His only connection to Israel was through the broadcasts of Radio Kol Israel in three languages: Russian, Yiddish, and Hebrew. Starting from 1967, the wave was jammed, but sometimes broadcasts in Hebrew could still be picked up, especially if one had a radio receiver with an expanded range of shortwave frequencies. Around 1973, listening to radio in Kursk became practically impossible. The only help was correspondence with friends in faraway countries.

In 1974, Hillel Iosifovich applied for emigration one last time.

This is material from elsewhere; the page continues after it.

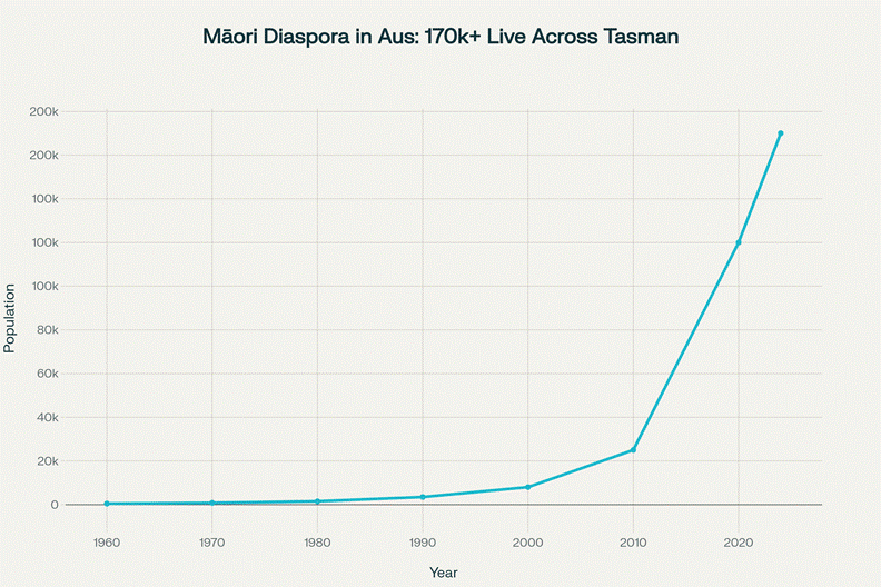 Consider the quantified harm: 170,000 Māori now live in Australia—20% of the global Māori population—an increase of 36,857% since the 1960s. This diaspora stems from systemic economic marginalisation within Aotearoa: Māori flooded to Australia seeking opportunities denied at home. Now their tamariki and mokopuna born offshore face a cruel irony—descendants of people pushed out by colonial economic structures are denied legal recognition of their indigeneity because they left.[2][3][8][9][10][11][12]

He did it more out of formality, but this time everything went quite smoothly. The Soviet authorities waited until the Zionist reached retirement age. The OVIR official, however, rudely stated that according to the points of the Soviet constitution, the authorities were not obliged to grant Kaplinsky permission to leave. The old Zionist responded that no point of the Soviet constitution prohibited emigration to Israel. Despite more harassment of his son and daughter, permission to leave was granted.

Hillel Kaplinsky was lucky enough to live in Israel for three long decades. Visiting the kibbutzim where he once dreamed of working, he reunited with former comrades from the Zionist movement. He was even fortunate enough to see those aging scouts who were with him in the "Hashomer Hatzair" cell in Myrhorod.

The old Zionist passed away on October 13, 2004. He died in Or Yehuda. In the Land of Israel, where his grandchildren and great-grandchildren live – this is exactly what he once dreamed of in Yeniseysk and Sinegorye...

10.06.2024



Bibliography and Sources:

Case against HilLel Kaplinsky // State Central Archive of Public Organizations of Ukraine (SCAPO), Kyiv, fond 263, op. 1, file 47044, volumes 1-2.

Case against Mendel Ikhilevich Rosenthal (Bentsion Gershkovich Ginzburg), Maria-Basy Davidovna Shternshis, and Mikhail Petrovich Ioshpe under Articles 54-10 part 2 and 54-11 of the Criminal Code of the Ukrainian Soviet Socialist Republic // State Archive of Kherson Region (GAHKhO), fond P-6193, op. 12, file P-25627.

Survivor in the Gulag: Biography of Menachem-Mendel Beylin, written by Yakov Feiglin, Israel, 2006 (manuscript).

Interview No. (129)1 with Hillel Kaplinsky, Center for Oral History of the Jewish University (interviewer – Michael Segev; 21.04.1975).

Tova Perelstein (Rubman). Remember Them, Zion. Library-Aliyah: Association for the Study of Jewish Communities, 2003.

Binyamin Vest. Ben yeʼush le-tiḳṿah: mikhtavim shel asire-Tsiyon be-Rusyah ha-Sovyeṭit, Reshafim: Arkhiyon ha-ʻavodah, ha-Maḥlaḳah le-ḥeḳer Yahadut Rusyah, Tel-Aviv, 1973.